30대 이탈 고객과 40대 이탈 고객의 Gender에 차이가 있는지
- 귀무가설: Ages(30대와 40대)와 Gender는 독립이다.
- 대립가설: Ages(30대와 40대)와 Gender는 독립이 아니다.
- 검정 결과: Chi-square = 14.056, p = 0.000
  - ==> p가 유의수준 0.05보다 작으므로 귀무가설 기각, 30대와 40대의 Gender에는 차이가 있다.

# Chi-square test for independence for Tenure between exited customers in their 30s and 40s

# Creating a contingency table (cross-tab) for Ages and Tenure
crcard_cross = pd.crosstab(exited_3040s['Ages'], exited_3040s['Tenure'])

# Performing the Chi-square test for independence
chi2_tenure, p_tenure, dof, ef = chi2_contingency(crcard_cross, correction=False)
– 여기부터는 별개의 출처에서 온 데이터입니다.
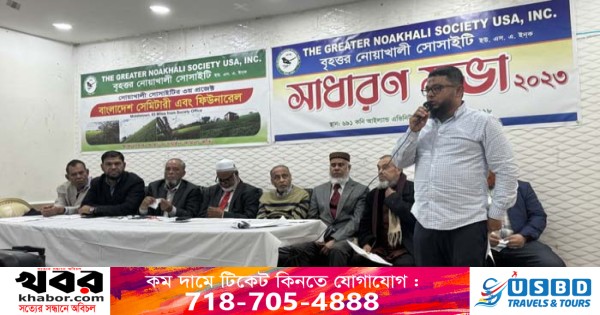 নিউইয়র্কে বৃহত্তর নোয়াখালী সোসাইটির সাধারণ সভা অনুষ্ঠিত হয়েছিল গত ২৬ জানুয়ারি কনিআইল্যান্ডের একটি বড় অডিটোরিয়ামে। সংগঠনের সভাপতি নাজমুল হাসান মানিকের সভাপতিত্বে এবং সাধারণ সম্পাদক ইউছুপ জসীমের পরিচালনায় সাধারণ সভায় মঞ্চে উপবিষ্ট ছিলেন বাংলাদেশ সোসাইটির সভাপতি আব্দুর রব মিয়া, সাবেক সাধারণ সম্পাদক জাহিদ মিন্টু, সিনিয়র ভাইস প্রেসিডেন্ট আবুল বাশার, সহ-সভাপতি তাজু মিয়া, ট্রাস্টি বোর্ডের চেয়ারম্যান হাজি মফিজুর রহমান, সদস্য খোকন মোশাররফ, রফিকুল ইসলাম ভূইয়া, সালামত উল্যাহ, রমেশ চন্দ্র মজুমদার, প্রফেসর করিম, আবু নাসের প্রমুখ।

# Displaying the test statistics
print(f'Chi-square = {chi2_tenure:.3f}')
print(f'p = {p_tenure:.3f}')

# Interpreting the result based on the p-value
alpha = 0.05
if p_tenure < alpha:
    print("Reject the null hypothesis.")
else:
    print("Fail to reject the null hypothesis.")

# Chi-square = 18.167
# p = 0.052
# Fail to reject the null hypothesis.

30대 이탈 고객과 40대 이탈 고객의 Tenure에 차이가 있는지
- 귀무가설: Ages(30대와 40대)와 Tenure는 독립이다.
- 대립가설: Ages(30대와 40대)와 Tenure는 독립이 아니다.
- 검정 결과: Chi-square = 18.167, p = 0.052
  - ==> p가 유의수준 0.05보다 크므로 귀무가설 채택, 30대와 40대의 Tenure에는 차이가 없다.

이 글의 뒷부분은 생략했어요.